REQUIRED ACTION: The whole listing below must be printed again exactly, images excluded.

COLLECTED DATA:
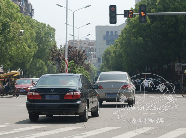 自昨日上午10时起约一个小时时间内,记者在市区官河路与官河横路交叉口、城中路与官河路交叉口、嵊州大道与江滨东路交叉口等多个路口拍摄,虽然不是上下班高峰期,几个路口的车流量也不是很大,但当绿灯转换为黄灯的一瞬间,仍有不少途经路口的机动车突然加速,抢着时间“冲”过路口。
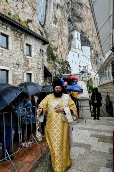 Πλήθος νέων προσκύνησαν τον Άγιο Βασίλειο του Όστρογκ παρά την καταρρακτώδη βροχή
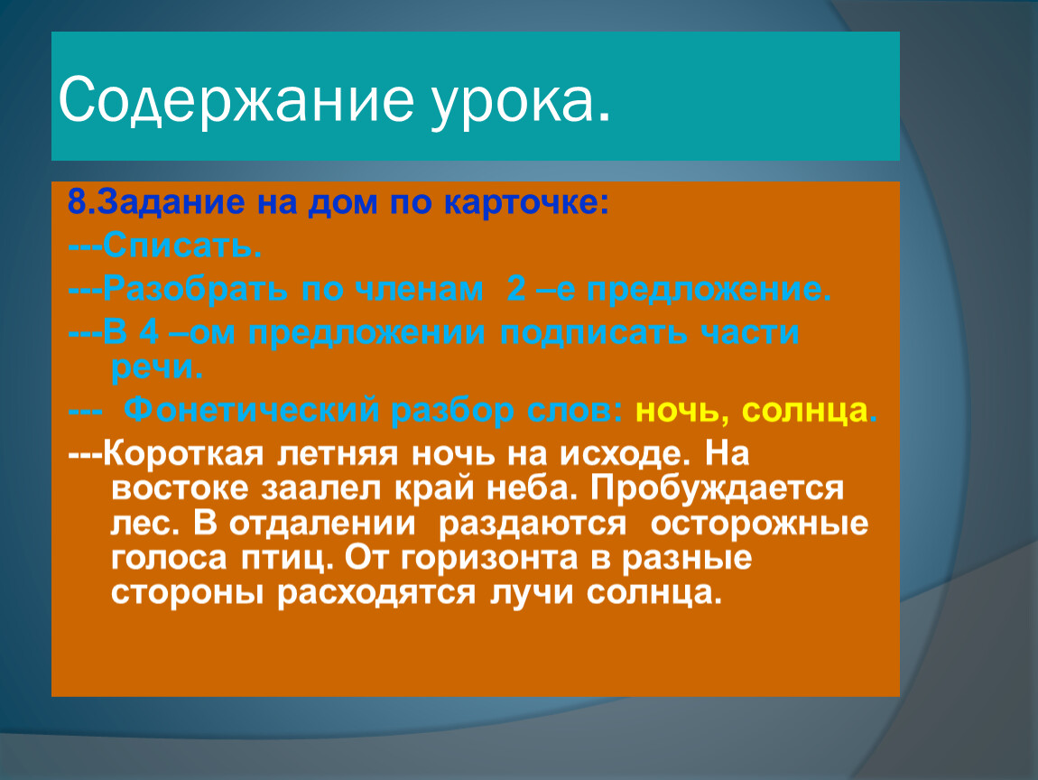 ---Короткая летняя ночь на исходе. На востоке заалел край неба. Пробуждается лес. В отдалении раздаются осторожные голоса птиц. От горизонта в разные стороны расходятся лучи солнца.
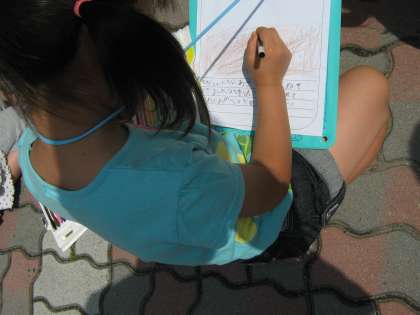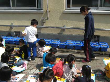 1年生が、生活科の学習で、植木鉢にアサガオの種をまきました。種の様子や植木鉢の様子などを観察カードに絵と文で書きました。いつ芽が出てくるか、毎日しっかり観察しましょう。水やりなどのお世話も忘れずに。何色の花が咲くのか、楽しみです。

OUTPUT FOR THIS TASK:
 自昨日上午10时起约一个小时时间内,记者在市区官河路与官河横路交叉口、城中路与官河路交叉口、嵊州大道与江滨东路交叉口等多个路口拍摄,虽然不是上下班高峰期,几个路口的车流量也不是很大,但当绿灯转换为黄灯的一瞬间,仍有不少途经路口的机动车突然加速,抢着时间“冲”过路口。
 Πλήθος νέων προσκύνησαν τον Άγιο Βασίλειο του Όστρογκ παρά την καταρρακτώδη βροχή
 ---Короткая летняя ночь на исходе. На востоке заалел край неба. Пробуждается лес. В отдалении раздаются осторожные голоса птиц. От горизонта в разные стороны расходятся лучи солнца.
 1年生が、生活科の学習で、植木鉢にアサガオの種をまきました。種の様子や植木鉢の様子などを観察カードに絵と文で書きました。いつ芽が出てくるか、毎日しっかり観察しましょう。水やりなどのお世話も忘れずに。何色の花が咲くのか、楽しみです。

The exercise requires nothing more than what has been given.